Directions = Repeat each entry below exactly, omitting any picture it holds.

Available records =
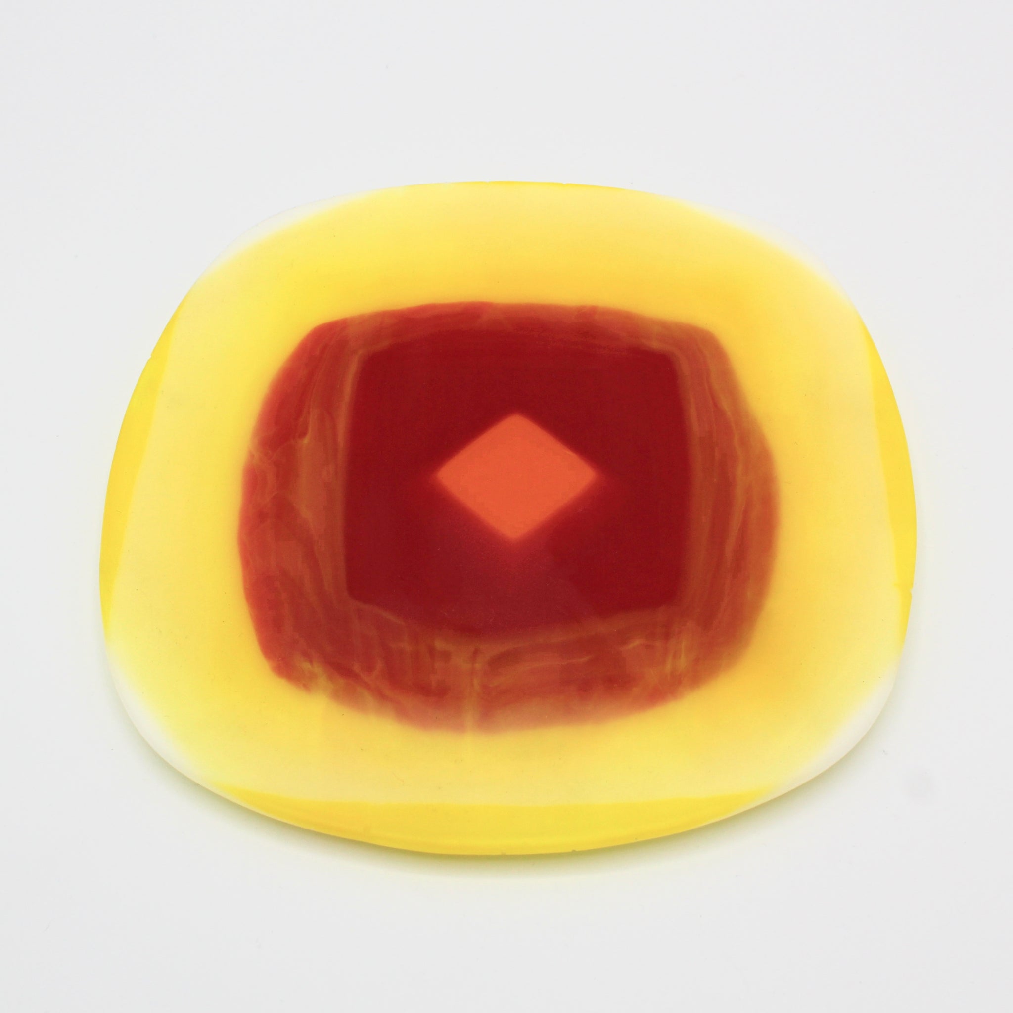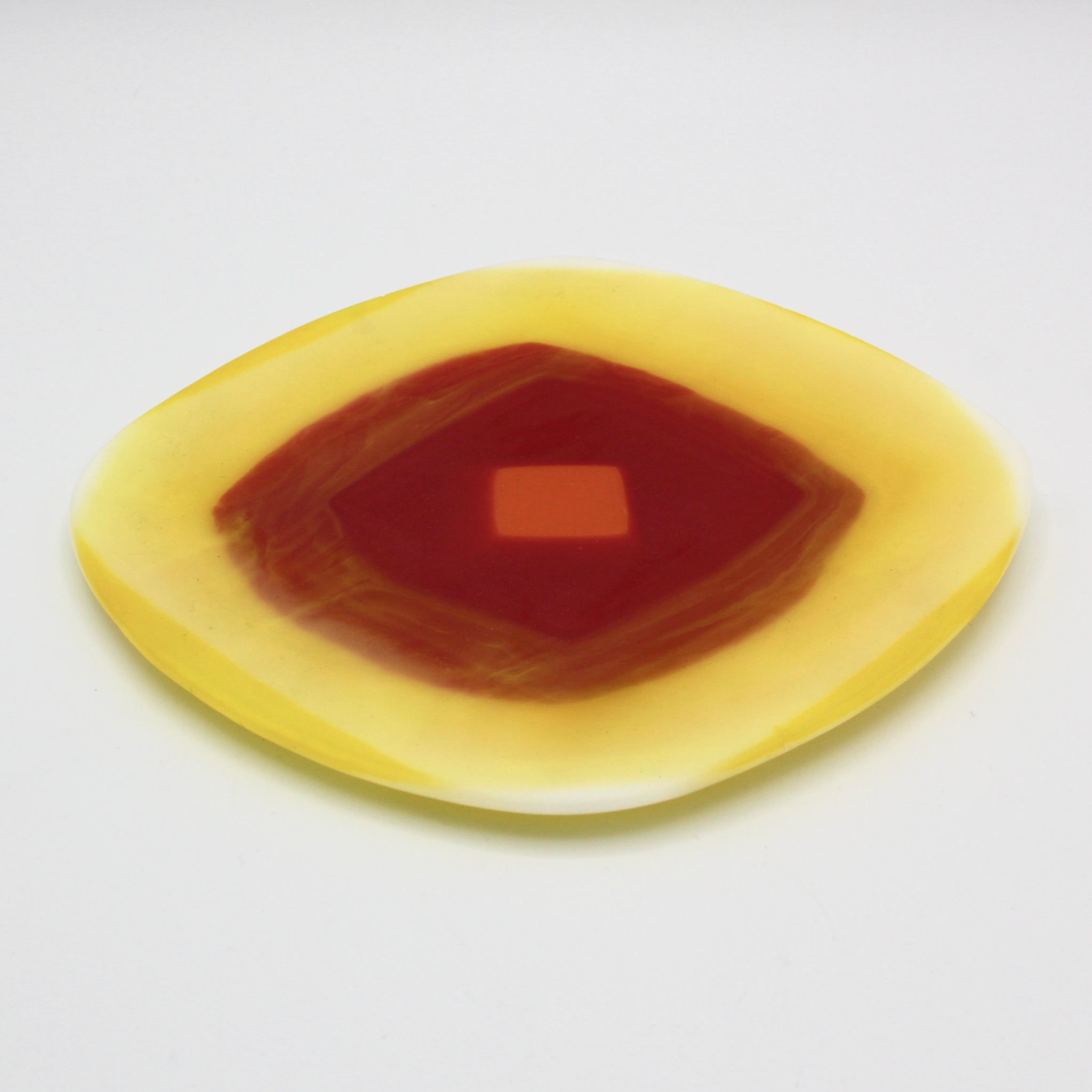 Mark Schatz's career in architecture really shines through his elegant and intricately assembled fused glass creations. This beautiful fused glass accent plate measures 7" square. This dish, along with many of Mark's beautiful pieces, can serve equally well as a tapas or hors d'oeuvres plate, nut/olive dish, or trinket holder for keys and rings.
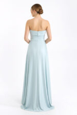 Дизайн: Дълга официална рокля с разкроена пола (А-силует).
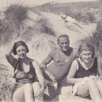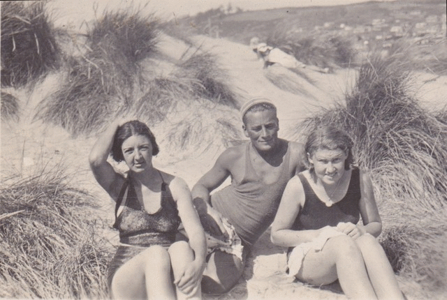 Bathers in the sand dunes at Tahunanui Beach, 1933
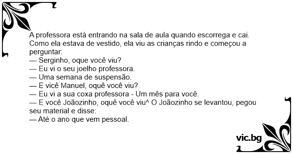 A professora está entrando na sala de aula quando escorrega e cai. Como ela estava de vestido, ela viu as crianças rindo e começou a perguntar:
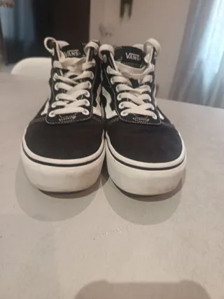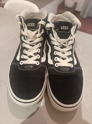 Zapatillas de caña alta de la marca Vans. - Color negro con detalles blancos. - Cierre con cordones.
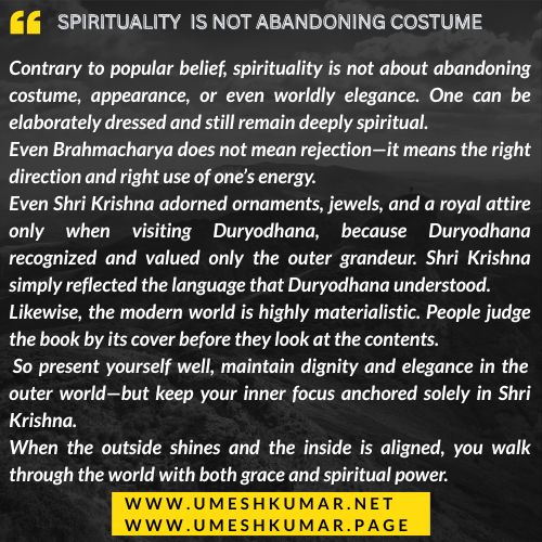 SPIRITUALITY IS NOT ABANDONING COSTUME UMESHKUMAR UNovember 23, 2025November 23, 2025 Wisdom No Comments Costume, Spirituality ← YOU ARE VICTORIOUS BEFORE YOU HAD A NAME Leave a Reply Cancel replyYour email address will not be published. Required fields are marked *Comment * Name * Email * Website Save my name, email, and website in this browser for the next time I comment.
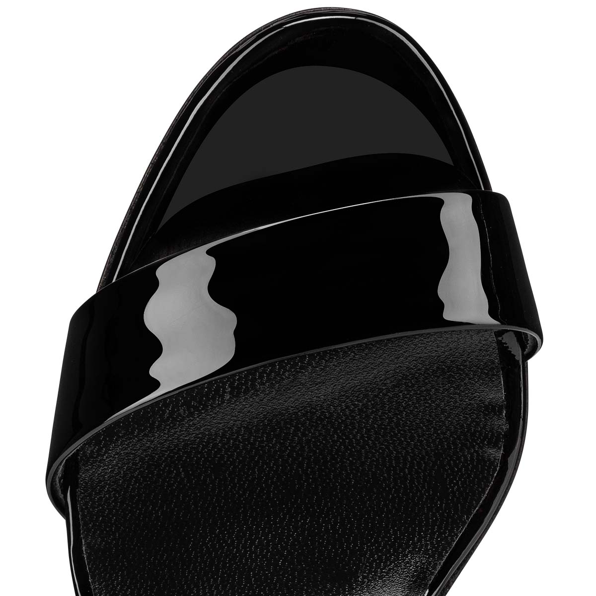A summery model with sleek lines, the Miss Sabina sandal features an 85 mm asymmetrical heel. The straps cross behind the ankles and are adorned with delicate square clasps. Entirely crafted in black patent calf leather with discreet topstitching, it showcases Maison Christian Louboutin’s creativity and expertise.
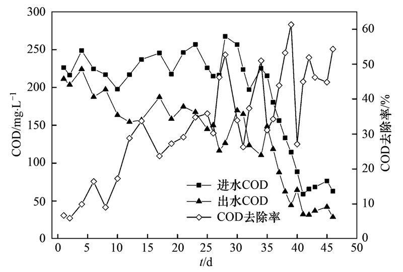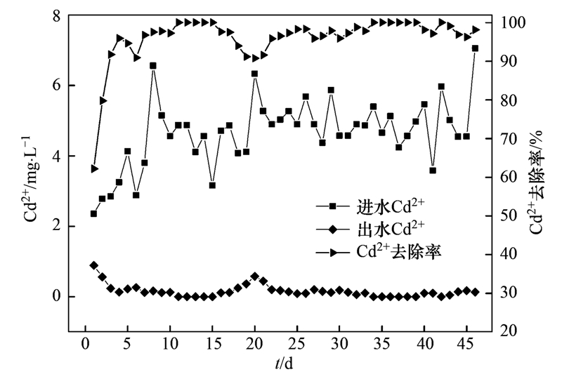 所有檢測項目均采用國家規定的標準方法[19]. Cd2+濃度的檢測采用原子吸收法,檢測儀器為AAS vario 6型原子吸收儀;SO2-4濃度的檢測采用離子色譜法,檢測儀器為IC型離子色譜儀;COD值采用聯華科技的5B-3F型COD 快速測定儀; pH值采用pHS-2C型pH計測定,測定前用標準pH緩沖溶液進行校正;溶解氧(DO):手提式DO測試儀;水溫:手提式DO測試儀. 2 結果與討論 2.1 運行初期生物濾池對Cd2+、 COD及SO2-4的去除效果 首先對SRB進行包埋固定化,并對建立好的生物濾池進行培養馴化,完成后保證生物濾池正常進出水,進水DO≤0.8 mg ·L-1,生物濾池V=0.4 m ·h-1,水力停留時間(HRT)=3 h.生物濾池穩定運行46 d,圖2,圖3,圖4分別為46 d內生物濾池中Cd2+、 COD和SO2-4濃度的變化情況.

Finished task =
 Mark Schatz's career in architecture really shines through his elegant and intricately assembled fused glass creations. This beautiful fused glass accent plate measures 7" square. This dish, along with many of Mark's beautiful pieces, can serve equally well as a tapas or hors d'oeuvres plate, nut/olive dish, or trinket holder for keys and rings.
 Дизайн: Дълга официална рокля с разкроена пола (А-силует).
 Bathers in the sand dunes at Tahunanui Beach, 1933
 A professora está entrando na sala de aula quando escorrega e cai. Como ela estava de vestido, ela viu as crianças rindo e começou a perguntar:
 Zapatillas de caña alta de la marca Vans. - Color negro con detalles blancos. - Cierre con cordones.
 SPIRITUALITY IS NOT ABANDONING COSTUME UMESHKUMAR UNovember 23, 2025November 23, 2025 Wisdom No Comments Costume, Spirituality ← YOU ARE VICTORIOUS BEFORE YOU HAD A NAME Leave a Reply Cancel replyYour email address will not be published. Required fields are marked *Comment * Name * Email * Website Save my name, email, and website in this browser for the next time I comment.
A summery model with sleek lines, the Miss Sabina sandal features an 85 mm asymmetrical heel. The straps cross behind the ankles and are adorned with delicate square clasps. Entirely crafted in black patent calf leather with discreet topstitching, it showcases Maison Christian Louboutin’s creativity and expertise.
 所有檢測項目均采用國家規定的標準方法[19]. Cd2+濃度的檢測采用原子吸收法,檢測儀器為AAS vario 6型原子吸收儀;SO2-4濃度的檢測采用離子色譜法,檢測儀器為IC型離子色譜儀;COD值采用聯華科技的5B-3F型COD 快速測定儀; pH值采用pHS-2C型pH計測定,測定前用標準pH緩沖溶液進行校正;溶解氧(DO):手提式DO測試儀;水溫:手提式DO測試儀. 2 結果與討論 2.1 運行初期生物濾池對Cd2+、 COD及SO2-4的去除效果 首先對SRB進行包埋固定化,并對建立好的生物濾池進行培養馴化,完成后保證生物濾池正常進出水,進水DO≤0.8 mg ·L-1,生物濾池V=0.4 m ·h-1,水力停留時間(HRT)=3 h.生物濾池穩定運行46 d,圖2,圖3,圖4分別為46 d內生物濾池中Cd2+、 COD和SO2-4濃度的變化情況.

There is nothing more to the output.